In this section, we describe a series of experiments on the above ten datasets in which we assessed the effectiveness of the IRE and ICR modules in the node classification tasks. As depicted in Figure 3, the experimental results provide valuable insights into the significance of incorporating IRE and ICR modules in the classification process.

Taking the Cora dataset as an example, the baseline achieved an initial accuracy of 81.5%. However, upon integrating the IRE, the accuracy significantly improved by 3.9% to reach 85.4%. This enhancement can be attributed to the IRE’s ability to effectively analyze the structural differences between nodes, advancing the accuracy. Interestingly, the addition of an extra FC slightly decreased the accuracy by 0.8%, emphasizing the importance of proper module integration. However, when the ICR was incorporated, which further considered the impact of node attributes, the accuracy reached its highest value at 87.3%. This highlights the critical role of the ICR in capturing contextual information and boosting the overall model performance.

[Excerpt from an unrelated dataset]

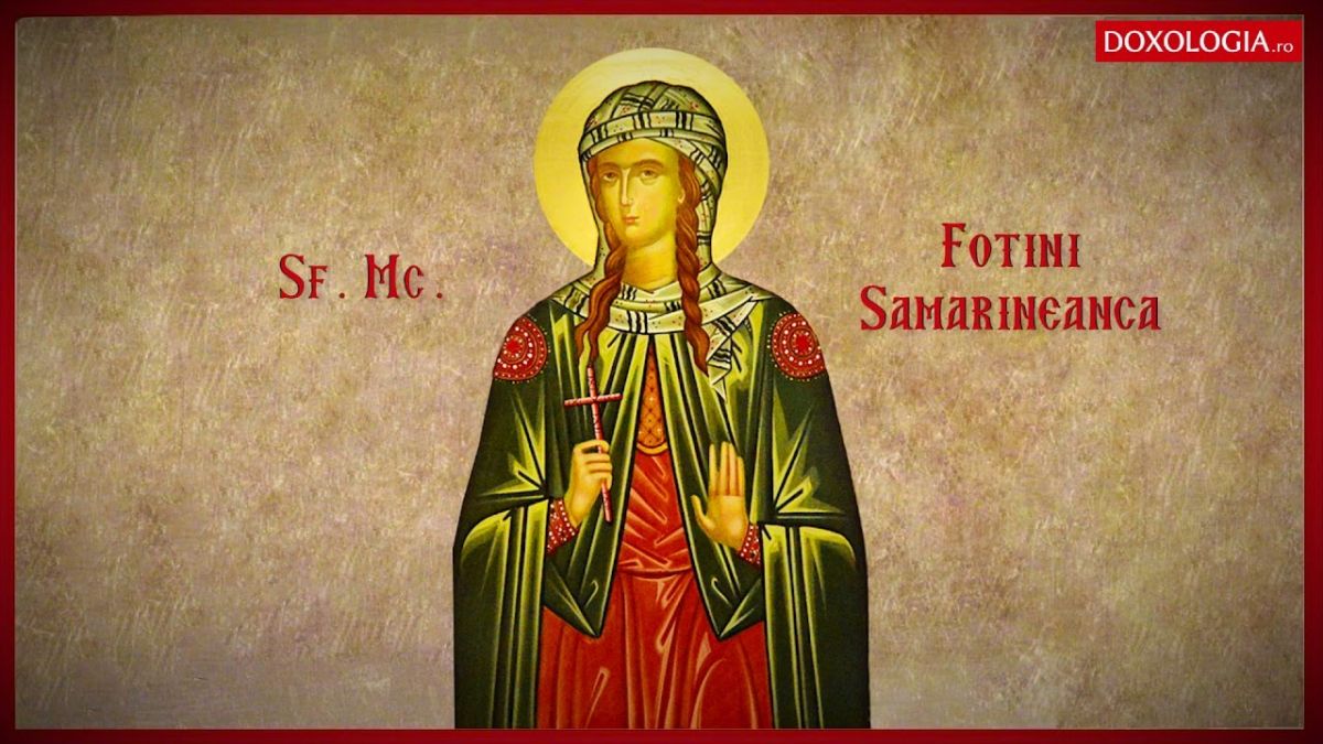 Sfântul Ioan Teologul descrie în Evanghelia sa dialogul dintre Mântuitorul Hristos şi o femeie samarineancă, înscriindu-i acesteia din urmă numele în istorie. După două milenii, cel puţin o dată în an, lumea creştină aminteşte de cea care a vorbit cu Mesia lângă fântâna lui Iacov din cetatea Sihar, în Samaria. Iar numele şi faima i se vor pomeni până la sfârşitul veacurilor. Relatarea convorbirii lui Iisus cu femeia samarineancă este unul dintre cele mai fertile momente biblice, mărturie în acest sens stând exegezele unor mari păstori de suflete ai Bisericii, din perioada patristică până la teologi contemporani.

Similar trends were observed across the remaining nine datasets, showcasing the consistent impact of the IRE and ICR in enhancing the model’s ability to analyze complex structures and dependencies. By comprehensively understanding the information propagation mechanism within the graph, the combined IRE and ICR effectively improved the task performance.

The outcomes underscore the importance of integrating both the IRE and ICR in tasks related to node classification for enhanced accuracy and improved interpretability. By introducing the IRE, the model becomes adept at discerning the structural variances, offering clearer insights into how the nodes relate structurally. Incorporating the ICR allows the model to recognize the impact of the node characteristics, providing a more intuitive understanding of the node attributes and their influence on classification. These insights stress the value of considering both the relationships between nodes and the internal features of nodes in graph representation learning. This multifaceted approach bolsters performance while enriching the interpretability of the model’s decisions, setting the stage for crafting efficient and interpretable graph neural network models for diverse graph-centric applications.

5. Conclusions

This paper introduces a novel GNN model, which we call the DAG, which is primarily designed for node classification tasks. The proposed approach aims to enhance task performance by exploring the message-passing mechanisms between nodes at both internode and intra-node levels. The DAG prioritizes the adjacent nodes and node attribute features on the graph structure, significantly improving the performance of node classification tasks on ten graph datasets. It introduces three new features: (i) category-oriented feature attention coefficients to explore node attributes, (ii) a graph feature pooling filter to investigate representative attributes, and (iii) priority filtering of cross-category node features on the mask matrix. We believe that the potential of GNN for other practical applications is worth further research and exploration and serves as a source of inspiration for future studies in this field. Our current method, due to the adoption of a dual attention mechanism, has shown performance improvement. However, in terms of the overall model architecture, computational complexity remains a challenge. Therefore, in the future, we aim to refine our algorithm and focus on overcoming this technical obstacle to achieve a dual breakthrough in performance and computational efficiency, in order to better adapt to various tasks.

Author Contributions

Conceptualization, S.L. and L.H.; methodology, S.L.; software, J.H.; validation, S.L., J.H. and L.H.; formal analysis, B.L.; investigation, S.L.; resources and data curation, J.H.; writing—original draft preparation, S.L.; writing—review and editing, J.H. and L.H.; visualization, B.L.; supervision and project administration, L.H.; All authors have read and agreed to the published version of the manuscript.

Funding

This research received no external funding.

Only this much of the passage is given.